Составление экономического доклада оказалось утомительным делом – Уормолд печатал только двумя пальцами и не умел пользоваться табулятором. Нужно было подправлять цифры официальной статистики – на случай, если бы кому-нибудь в центре взбрело в голову сличить их с докладом, и порой Уормолд забывал, как он изменил ту или иную цифру. Он никогда не был силен в арифметике. Если ускользала какая-нибудь запятая в десятичных дробях, за ней приходилось гоняться вверх и вниз по доброму десятку колонок. Это было похоже на отчаянные попытки удержаться на ярмарочном «колесе смеха».

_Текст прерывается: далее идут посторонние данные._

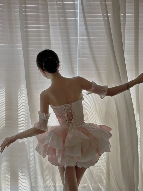 Gorgeous Sweetheart Neck Ball Gown Chiffon Short Prom Dresses, Pink Homecoming Dresses DP3140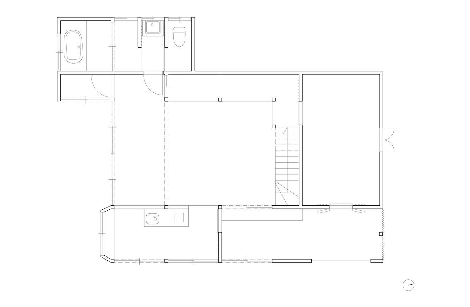 为了提高空间的功能性,库拉和主楼之间的原始分隔被拆除,创造了更灵活的布局。分隔库拉入口和主楼的墙壁被拆除,延伸入口的地板用砂浆粉刷。一楼起居区楼梯下的新开口将空间与主起居区连接起来,为kura的使用开辟了新的可能性。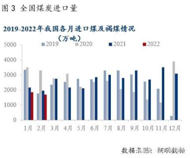 1-2月我國進口煤同環比大幅下降。2022年1-2月進口煤炭3539萬噸,同比下降14.0%,降幅比上年12月份收窄6.9個百分點。主要是受印尼1月煤炭禁止出口政策影響,影響1月下旬以及2月中上旬我國煤炭進口到港,疫情影響我國288口岸蒙煤通關量下降至100車左右,導致1-2月我國煤炭進口量同比大幅回落。2月下旬海外地緣衝突爆發,短期對我國進口有一定影響,對2月影響體現不大。

Через неделю его стало беспокоить, что так долго нет ответа. Неужели Готорн почуял что-то неладное? Временное облегчение доставил вызов в консульство, где угрюмый секретарь вручил ему запечатанный конверт, адресованный по какой-то непонятной причине «Мистеру Люку Пенни». Внутри этого конверта лежал другой с надписью: «Генри Лидбеттеру. Управление гражданскими научно-исследовательскими работами». На третьем конверте значилась цифра 59200/5, в нем было жалованье за три месяца и сумма на оплату непредвиденных расходов в кубинской валюте. Уормолд отнес деньги в банк.